Where property owners are resistant to this message, however, the LHMU and SFWU unions are prepared to try to shame the companies into action. One tactic has been to award ‘Golden Toilet Brush' awards to employers who fail to agree to improve standards in cleaning contracts. A similar approach has been adopted by the union Unite (formerly TGWU) in the UK, which has been running a campaign in recent years to try to improve cleaners' wages in the City of London and Docklands business areas. Unite's tactic has been to focus on the companies actually occupying the office blocks, trying to embarrass some of the highest profile financial institutions in London with the prospect of poor PR. Several major companies have been presented with a ‘Golden Vacuum' award, given – according to the union - “for sucking their cleaners dry”. Unite's campaign for better treatment for cleaners is starting to strike a chord. Barclays Bank, for example, recently arranged for their cleaners to have a substantial pay rise, to £7.50 ($15) an hour, above the union's recommended minimum hourly rate. Unite has also signed collective agreements with the three largest contractors in the City of London. “Those companies to their credit know that the future must lie in competing on quality and innovation, not a race to the bottom on wages,” says Unite's deputy general secretary Jack Dromey.

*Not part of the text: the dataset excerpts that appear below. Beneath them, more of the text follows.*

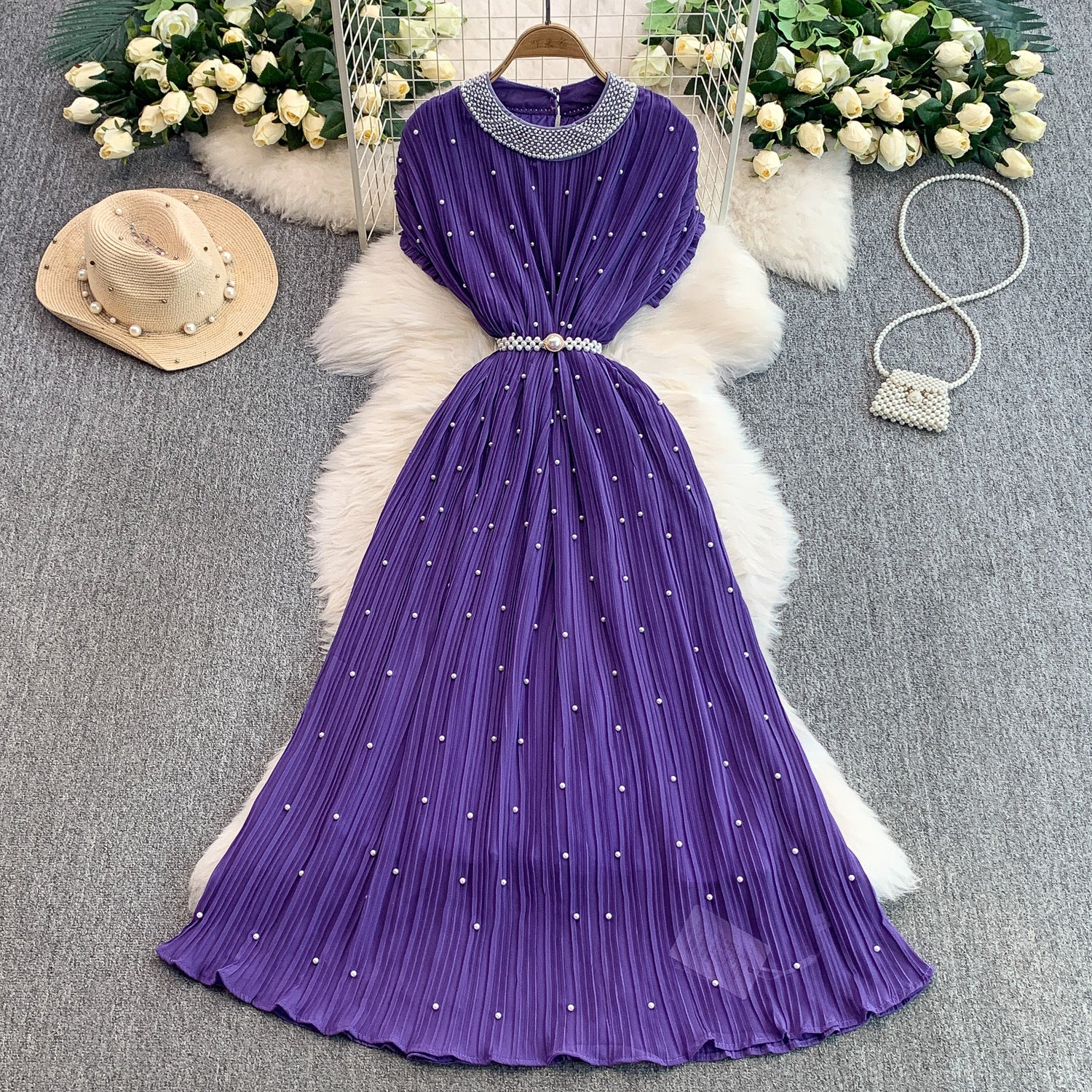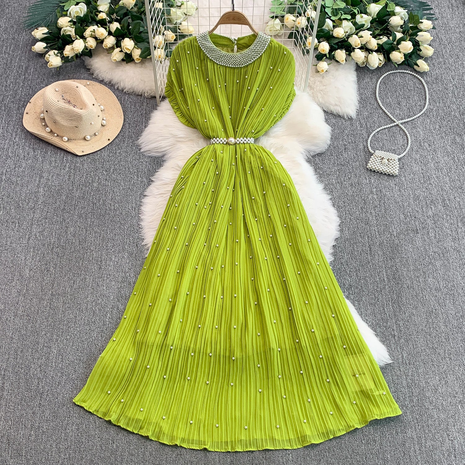 Light Luxury Famous Heavy Industry Nail Ball Collar Dress Women Summer Waist Thin 100 Fold Elegant Dress Dress Dress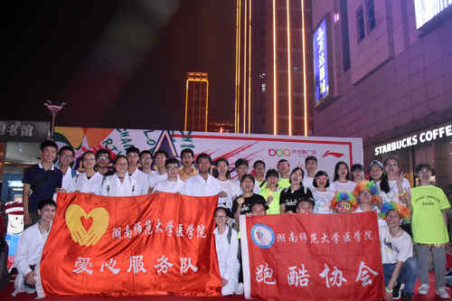 我院的志愿者作为此次活动的工作人员,提前了一个半小时到场,完成了会场布置、落实安全责任、任务点的器材安放等工作。随后,参赛者陆续到达步步高广场并完成签到,在了解规则后签订安全协议书,并领取荧光道具。此次活动由我院跑酷协会的节目劲舞《Boom clap》以及幽默版清宫剧开场,获得了观众的极大反响,关注的掌声与欢呼声不断响起,不少过路群众在旁观看。在活动中,工作人员还负责站在各个交通路口,以保障活动参与者的安全。我院红十字会爱心服务队的同学负责对活动中的伤者进行救治。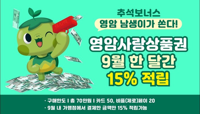 [영암=정찬남 기자] 전남 영암군(군수 우승희)이 오는 9월 한 달 동안 민족 대명절 추석 맞이 영암사랑상품권 15% 적립 이벤트를 진행한다.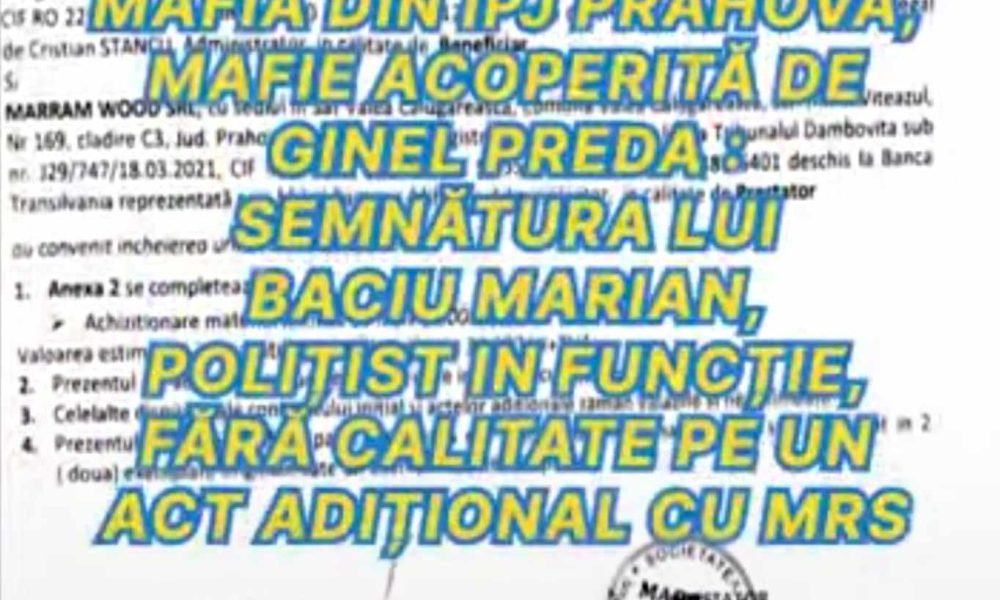 În acest context, prezentăm azi doar actul adițional nr. 3 din 08.03.2023, care include semnătura lui Baciu Marian, în calitate de polițist, în condiții suspecte, fără a avea legitimitatea necesară. De altfel, contractul inițial cu MRS – C 198/16.08.2022 a fost negociat și semnat tot de acest polițist în funcție, nu de reprezentanții legali ai firmei afectate, ceea ce ridică mari semne de întrebare.

At the European regional level, the European Union's structures for dialogue between the social partners have been successfully operating for the cleaning industry since 1999, bringing together the trade association the European Federation of Cleaning Industries and the property services sector of UNI Europa. Their work includes the joint communiqué mentioned earlier, which calls among other things for greater professionalism in the sector, an end to the ‘vicious circle' of cost cutting, and an emphasis on employee retention and the promotion of full-time work. The EFCI and UNI have also focused specifically on the need to encourage cleaning during ordinary daytime working hours. Daytime cleaning helps workers, they say, by allowing them to work longer hours and to better combine work with family and private life. They argue as well that it can help clients and contractors as well, by reducing costs and increasing the pool of available workers. Daytime cleaning is safer, too, they maintain.

UNI has also been a partner to a Letter of Agreement signed in 2003 with the multinational cleaning contractor ISS. This agreement puts in place a framework for industrial relations across the group's worldwide operations, based closely on the ILO's core labour standards. The agreement includes among other things a commitment by the company not to use forced, bonded or child labour, a recognition of the right of workers of freedom of association and the right to collective bargaining, and an acceptance of the need to ensure that working conditions are decent. ISS has signed a Responsible Cleaning Contractor agreement in Australia with LHMU, is moving towards a similar agreement with the SFWU in New Zealand and has also recently signed an agreement in the Netherlands giving organising rights to the union FNV Bondgenoten.

Initiatives like these suggest a way forward for the industry. Nevertheless, in many parts of the world cleaners continue to find themselves right at the bottom of the pay ladder. In Hong Kong , for example, 54,000 cleaners remain on very low wages after the High Court in May this year dismissed a case which sought to force the government to establish a minimum wage for cleaners. The Court found that there was no such requirement.